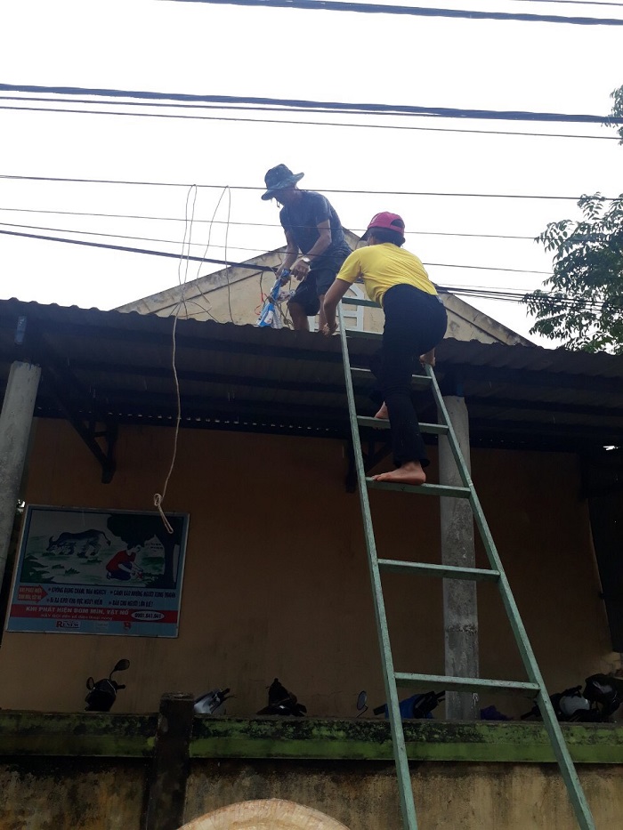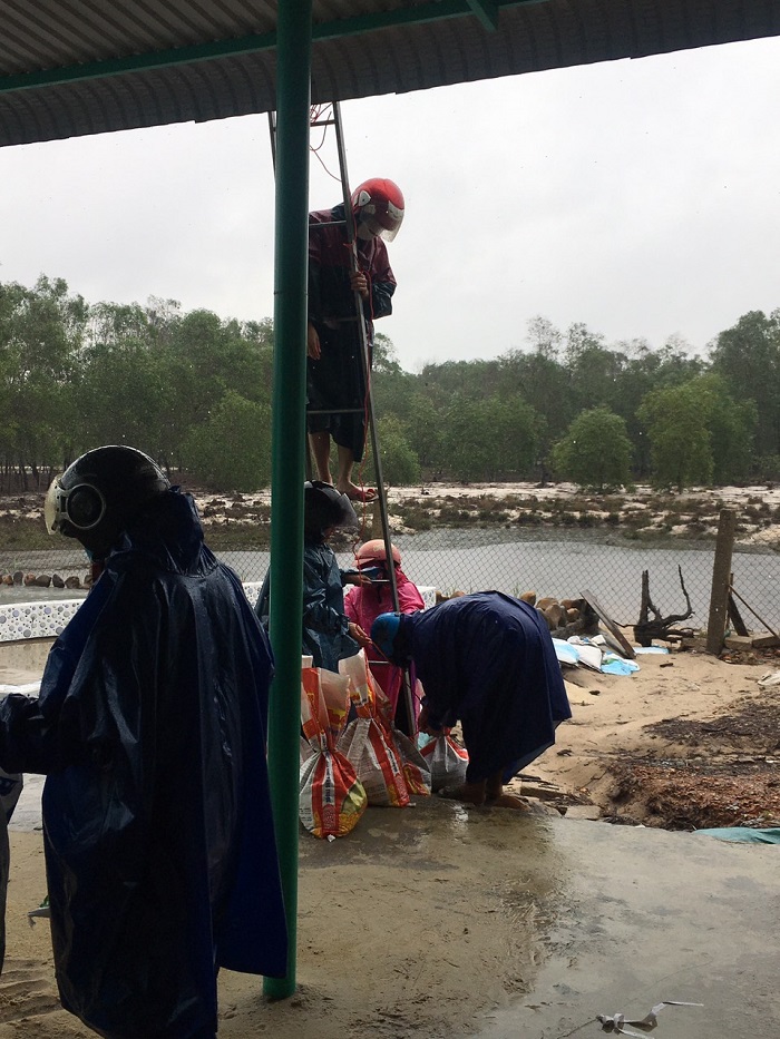 Hình ảnh các cô giáo,cán bộ công nhân viên của Trường mầm non Triệu An chuẩn bị chống bão, lũ
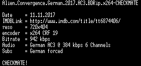 | FiLENAME: | Alien.Convergence.German.2017.AC3.BDRip.x264-CHECKMATE.mkv |
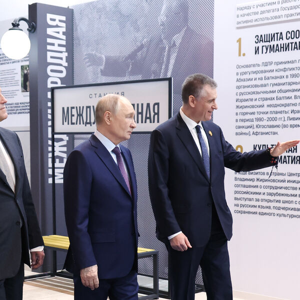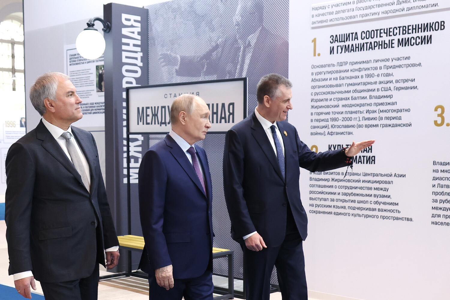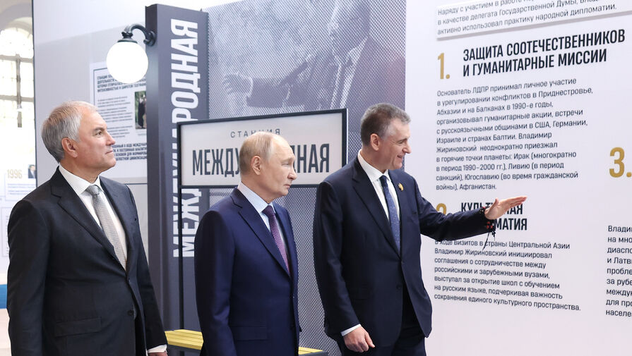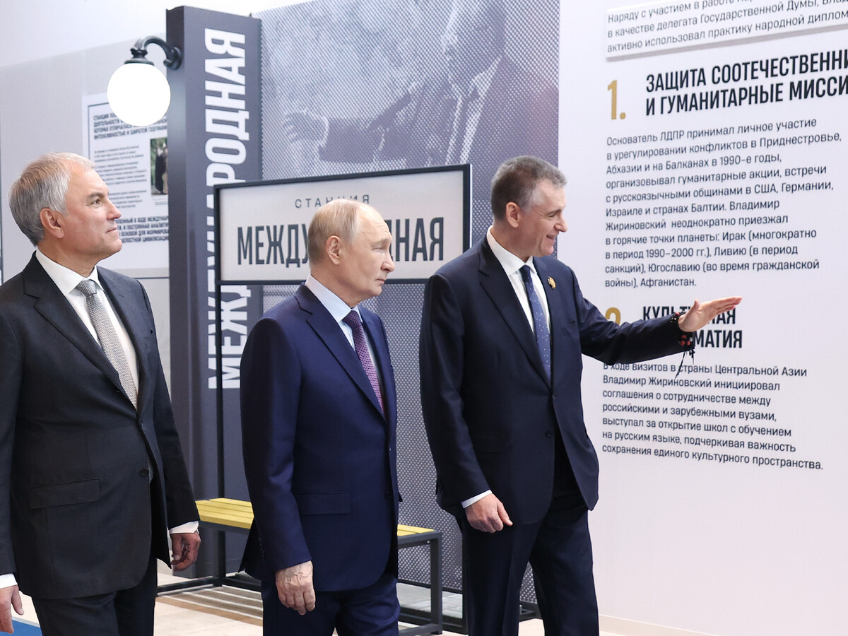 Во время осмотра экспозиции, посвященной 80-летию со дня рождения политика, лидер ЛДПР Леонид Слуцкий рассказал главе государства историю накидки.
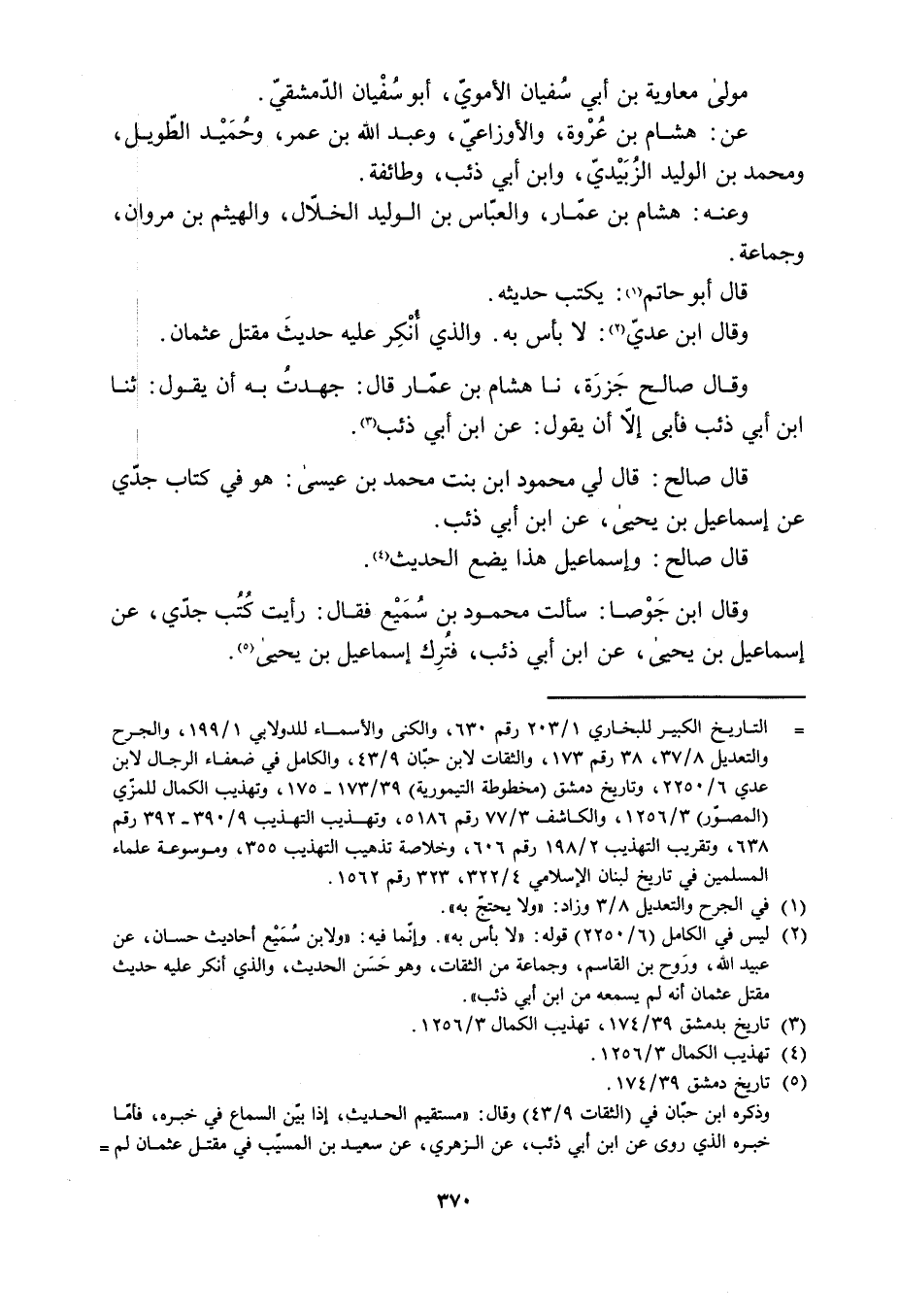 [ () ] التاريخ الكبير للبخاريّ 1/ 203 رقم 630، والكنى والأسماء للدولابي 1/ 199، والجرح والتعديل 8/ 37، 38 رقم 173، والثقات لابن حبّان 9/ 43، والكامل في ضعفاء الرجال لابن عدي 6/ 2250، وتاريخ دمشق (مخطوطة التيمورية) 39/ 173- 175، وتهذيب الكمال للمزّي (المصوّر) 3/ 1256، والكاشف 3/ 77 رقم 5186، وتهذيب التهذيب 9/ 390- 392 رقم 638، وتقريب التهذيب 2/ 198 رقم 606، وخلاصة تذهيب التهذيب 355، وموسوعة علماء المسلمين في تاريخ لبنان الإسلامي 4/ 322، 323 رقم 1562.
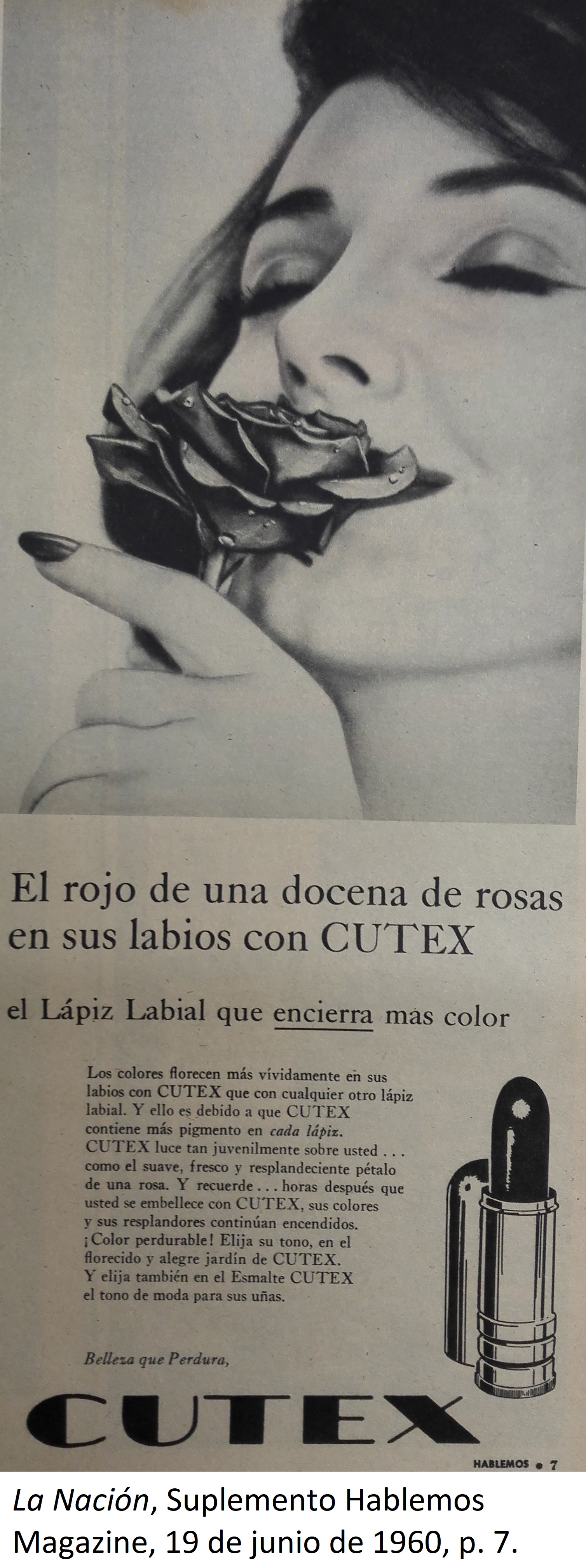 | dc.description | El anuncio muestra en su parte superior a una mujer con una rosa en las manos, oliendo su aroma. Debajo aparece un texto explicativo acerca de las cualidades del labial de la marca Cutex y finalmente una imagen del labial. | |
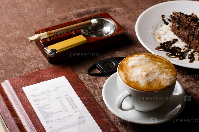 Кофе, шоколадный десерт, пепельница с сигаретой и счет на столе в кафе
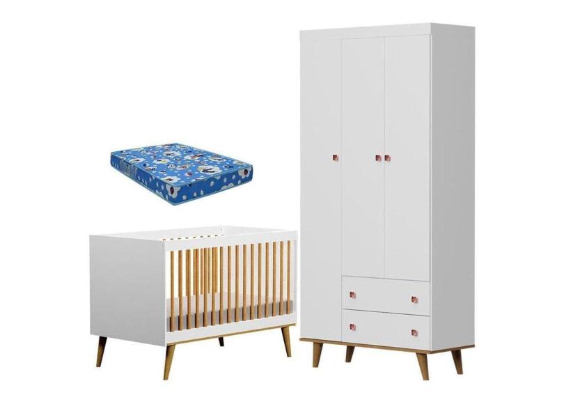 Berço Ligia E Guarda Roupa Fernanda 3 Portas Branco Bétula Com Colchão Ortobom - Carolina Baby
****************
## Exercise goal
Leave out the pictures, and write out all the remaining data above exactly.

## Solution to the problem
 Hình ảnh các cô giáo,cán bộ công nhân viên của Trường mầm non Triệu An chuẩn bị chống bão, lũ
 | FiLENAME: | Alien.Convergence.German.2017.AC3.BDRip.x264-CHECKMATE.mkv |
 Во время осмотра экспозиции, посвященной 80-летию со дня рождения политика, лидер ЛДПР Леонид Слуцкий рассказал главе государства историю накидки.
 [ () ] التاريخ الكبير للبخاريّ 1/ 203 رقم 630، والكنى والأسماء للدولابي 1/ 199، والجرح والتعديل 8/ 37، 38 رقم 173، والثقات لابن حبّان 9/ 43، والكامل في ضعفاء الرجال لابن عدي 6/ 2250، وتاريخ دمشق (مخطوطة التيمورية) 39/ 173- 175، وتهذيب الكمال للمزّي (المصوّر) 3/ 1256، والكاشف 3/ 77 رقم 5186، وتهذيب التهذيب 9/ 390- 392 رقم 638، وتقريب التهذيب 2/ 198 رقم 606، وخلاصة تذهيب التهذيب 355، وموسوعة علماء المسلمين في تاريخ لبنان الإسلامي 4/ 322، 323 رقم 1562.
 | dc.description | El anuncio muestra en su parte superior a una mujer con una rosa en las manos, oliendo su aroma. Debajo aparece un texto explicativo acerca de las cualidades del labial de la marca Cutex y finalmente una imagen del labial. | |
 Кофе, шоколадный десерт, пепельница с сигаретой и счет на столе в кафе
 Berço Ligia E Guarda Roupa Fernanda 3 Portas Branco Bétula Com Colchão Ortobom - Carolina Baby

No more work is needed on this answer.